To see the future of the "happiness industry", head to California: if there's a way to charge money for a service that promises to make life better, some Californian will have figured it out. In certain jails there, nonviolent offenders can pay around $100 a day for an upgrade to a nicer cell, further from violent inmates, and sometimes with the right to use a laptop. Californian life-coaches abound, obviously, while new agers congregate at the world-famous Esalen centre, in Big Sur, to study craniosacral therapy and shamanism. And, as the (California-based) sociologist Arlie Hochschild discovered, in California you can consult a "wantologist" who, for a fee, will help discover what the Want-ology™ self-help system refers to as your "soul wants". Increasingly, Hochschild argues, we are "outsourcing intimate parts of our lives". If you want to – in the US, anyhow – you can now rent a friend, rent a grandma, or pay someone to visit a deceased relative's grave.
California's key contribution to happiness, of course, is to let the rest of us laugh and feel superior; we'd never fall for such nonsense, we tell ourselves, even if we could afford it. But Hochschild's new book, The Outsourced Self, suggests we should not be so smug. We may personally spurn decluttering consultants and wedding planners, but we absorb "the cultural belief in the superiority of what's for sale", assuming the professional version must be best. (In an essay based on the book, Hochschild noted the rise of the phrase "dating in the wild" to mean dating without dating services – or what we used to call "dating".) Even less outre paid services, such as childcare or cleaning or therapy, get us trapped in a cycle: we work harder to pay for them, so have still less time to forge the family and community bonds on which earlier generations might have relied for such support.
The more insidious peril here is the one identified by the political philosopher Michael Sandel: even when the price is fair, there are some things – friendship and graveside visits would seem strong candidates – for which there shouldn't be a price at all. Markets have what Sandel calls a "corrosive tendency", turning life's most important ends into instruments of profit and exchange. Perhaps it's that, not the threat to privacy, that bothers some people so much about Facebook: when social life and advertising are so completely blended, friendship itself suffers. And maybe the special, soul-eroding awfulness of flying with Ryanair lies not in the hidden fees, but in the sense that there are certain services – a glass of water, say, or access to a toilet, for which the airline once threatened to charge – that humans should provide for each other not as market transactions, but because they're humans.

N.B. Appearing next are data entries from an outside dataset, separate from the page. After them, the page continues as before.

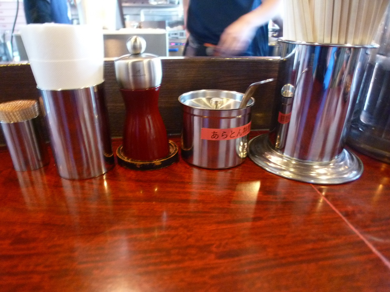 卓上にはペッパーミルに魚粉と唐辛子を合わせた特製辛味。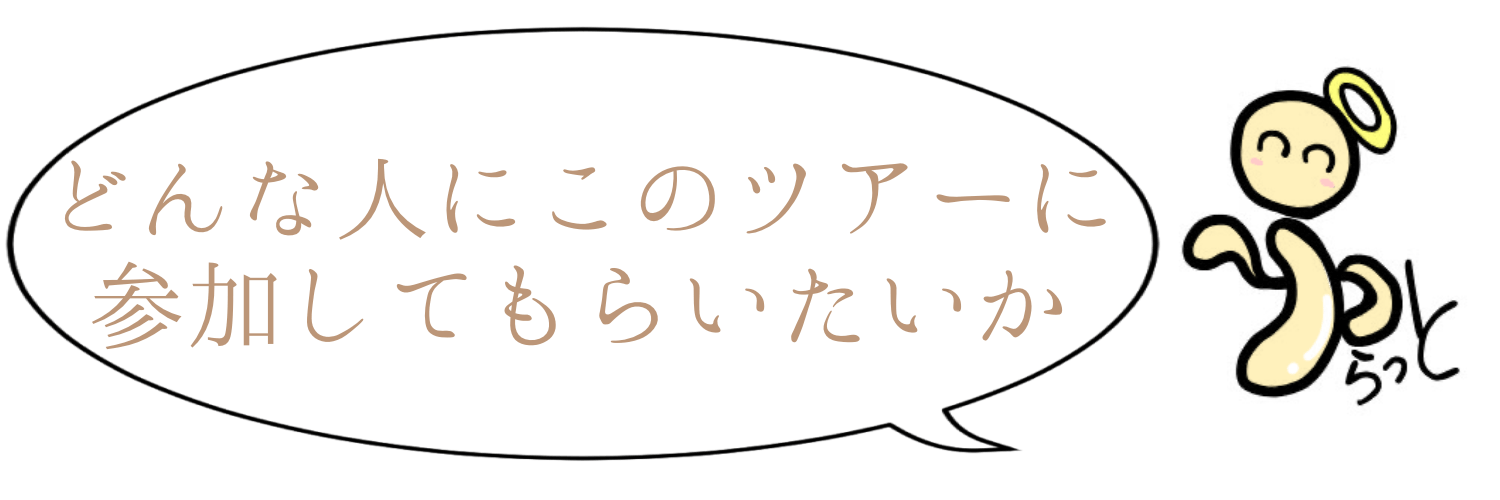 今回の第一弾のツアーに少しでも興味を持っていただけたら、誰でもご参加いただきたいです!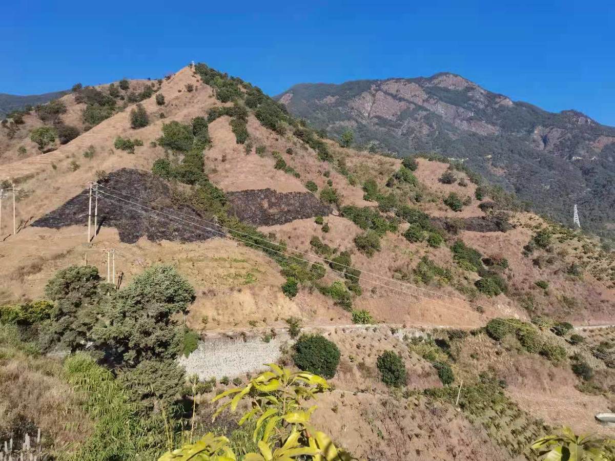 7月2日,站在攀枝花市东区银江镇双龙滩村高位水池向远方望去,对面半山腰上,一条“黑丝带”十分醒目。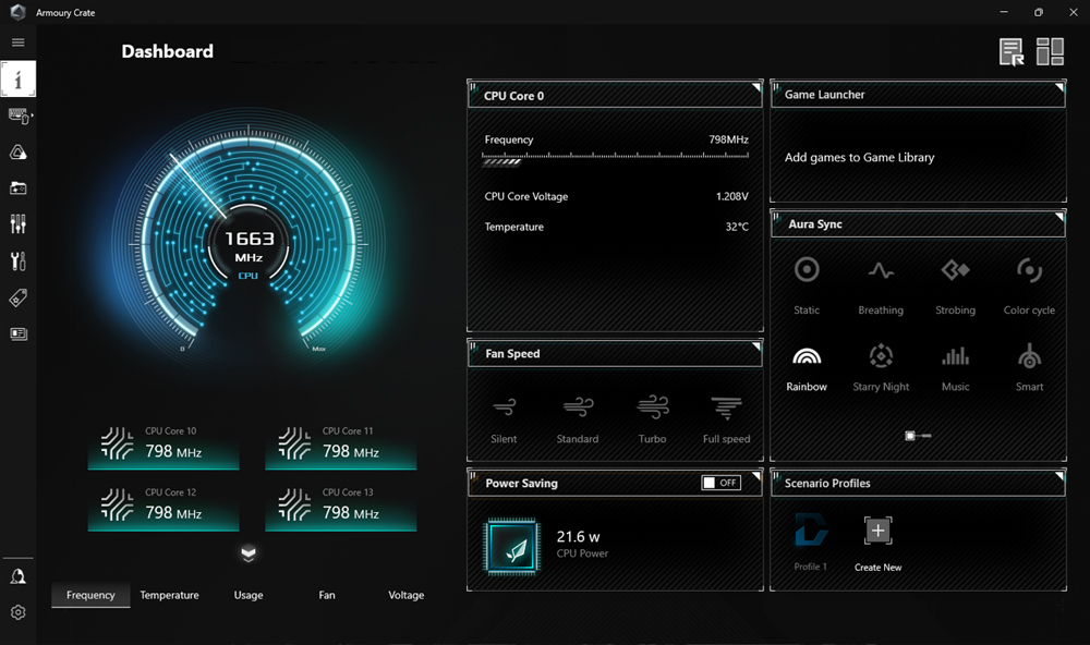 Güç Tasarrufu işlevi, güç tüketimini optimize etmek ve enerji tasarrufunu artırmak için çeşitli ayarlar barındırır. CPU güç limitini etkinleştirebilir, Aura aydınlatmayı kapatabilir ve fan profilini güç tasarrufu moduna getirebilirsiniz. Ayrıca Microsoft Windows’un barındırdığı Güç Tasarrufu planını açabilirsiniz.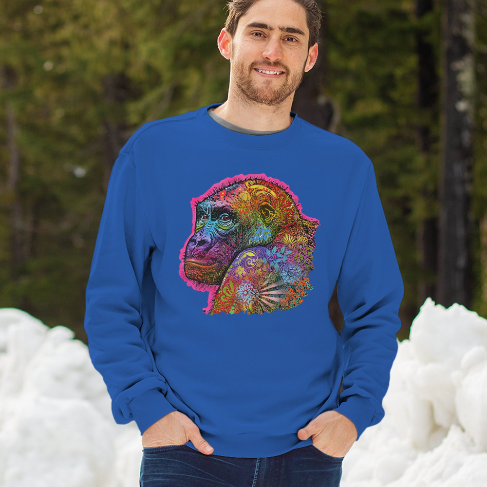 DEAN RUSSO CUTE GORILLA sweatshirt colorful neon silverback ape art crewneck royal blue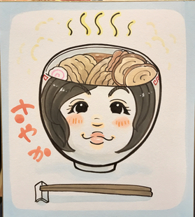 最初に司会の方のリクエストで、「顔をラーメンにして描く」という面白いリクエストにお応えしてお描きしたところ、続く皆様も「動物に変身させて描く」という感じになり、たくさんの面白い似顔絵が出来上がりました。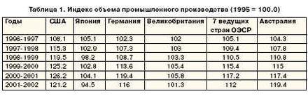 Австралия уже давно демонстрирует высокие темпы экономического роста, что позволило ей занять устойчивое положение лидера в списке «отличников» мировой экономики. Средние темпы прироста ВВП за последние семь лет превысили 4%. Австралия обогнала и Германию, и Великобританию, и США. Даже в разгар экономического кризиса в Азии темпы роста австралийской экономики превышали соответствующие показатели ведущих индустриальных стран: они были в два раза выше, чем в среднем по Организации экономического сотрудничества и развития (ОЭСР).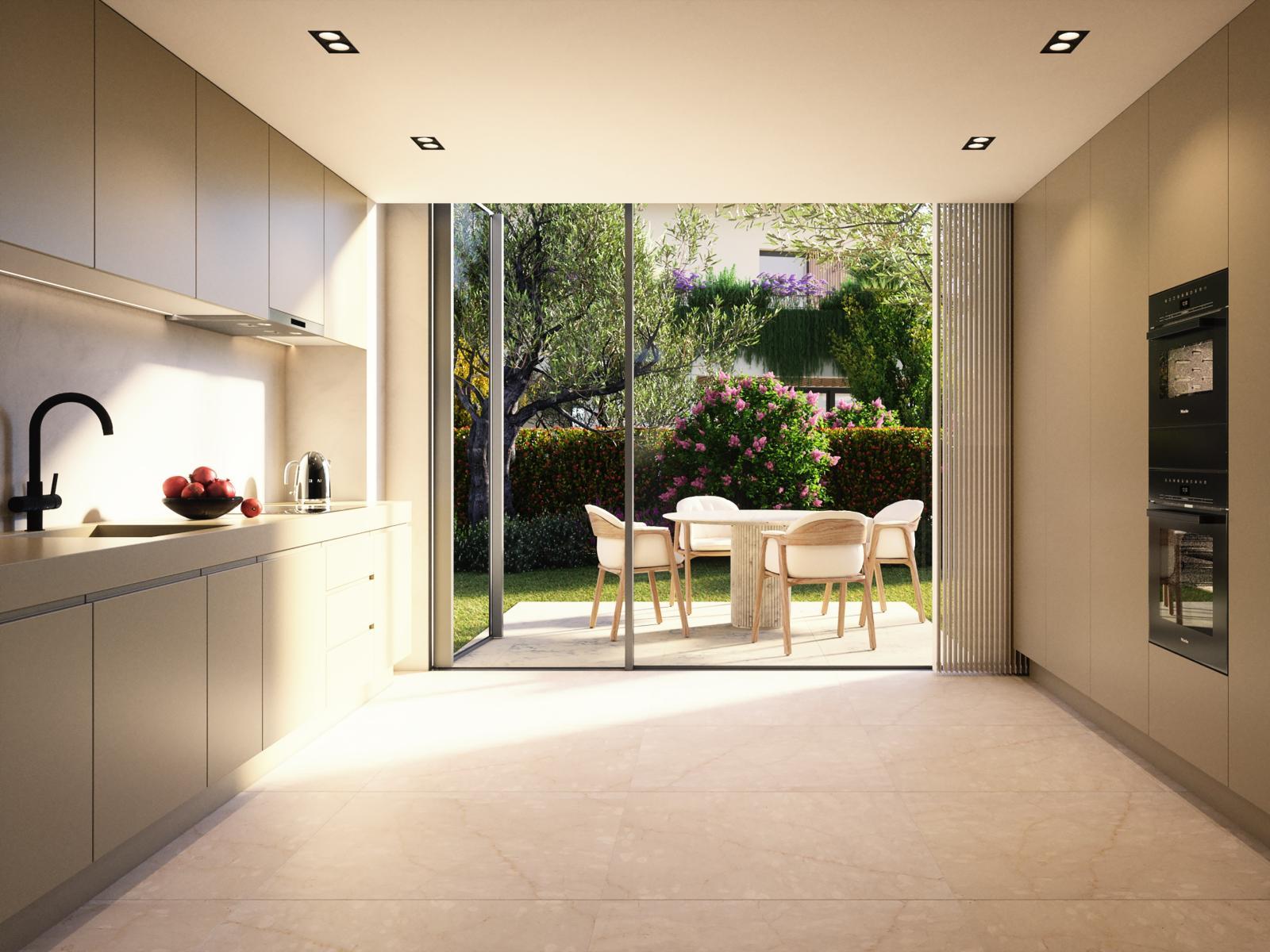 The interiors reflect a balance between elegance and comfort, where natural stones and noble woods create sophisticated textures. The Italian-designed kitchens are equipped with leading brands and the comprehensive home automation system ensures a modern and functional living experience, with excellent finishes in every detail.

Oddly, when I called Kevin Kreitman, creator of Want-ology™, she basically agreed. She'd developed the approach, she explained, to help people reconnect with what they really wanted – not what the market, among other forces, told them to want. "What alienates us from ourselves is having these longings, then trying to fill them with more money," she said, on the phone from (where else?) California. Her position on paid-for happiness services was one of compromise. If you can afford a cleaner, "that's great, so long as it doesn't lead you to feel your house has to be pristine at all times. And if I ever have to hire somebody to pet my cat, we're leaving town."